问题。有没有一种干净的方法可以使用某种延续传递风格的单子变压器来实现上述行为？我查看了 Oleg 等人的“Backtracking, Interleaving, and Terminating Monad Transformers”论文，但似乎无法完全掌握它们的实现（一旦他们msplit使用延续实现）。

当前实施。我当前的实现是传入要做出的分支决策列表。monad 将返回它实际选择的分支列表，然后下次我们将切换最后一个可能的分支。
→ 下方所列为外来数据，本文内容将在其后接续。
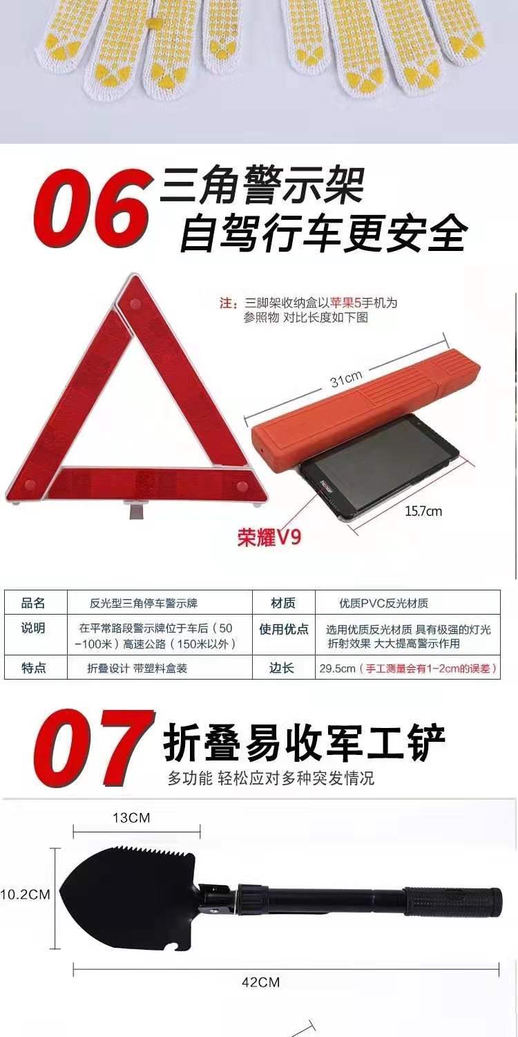 三角牌摆放很稳,拉车绳也结实,小小的灭火器和应急锤也不错,应急四件套便宜好货值得购买。

代码如下（应该在7.0.3运行），

import Control.Monad.Trans.Class

data IndepModelT  α = IndepModelT {
    unIndepModelT :: [Bool] ->  (α, [Bool]) }

instance Monad  => Monad (IndepModelT ) where
    return x = IndepModelT $ \choices -> return (x, [])
    (IndepModelT x) >>= f = IndepModelT $ \choices -> do
        (xv, branches) <- x choices
        let choices' = drop (length branches) choices
        (fxv, branches') <- unIndepModelT (f xv) choices'
        return (fxv, branches ++ branches')

instance MonadTrans IndepModelT where
    lift x = IndepModelT $ \c -> liftWithChoice [] x
liftWithChoice cs mx = mx >>= \xv -> return (xv, cs)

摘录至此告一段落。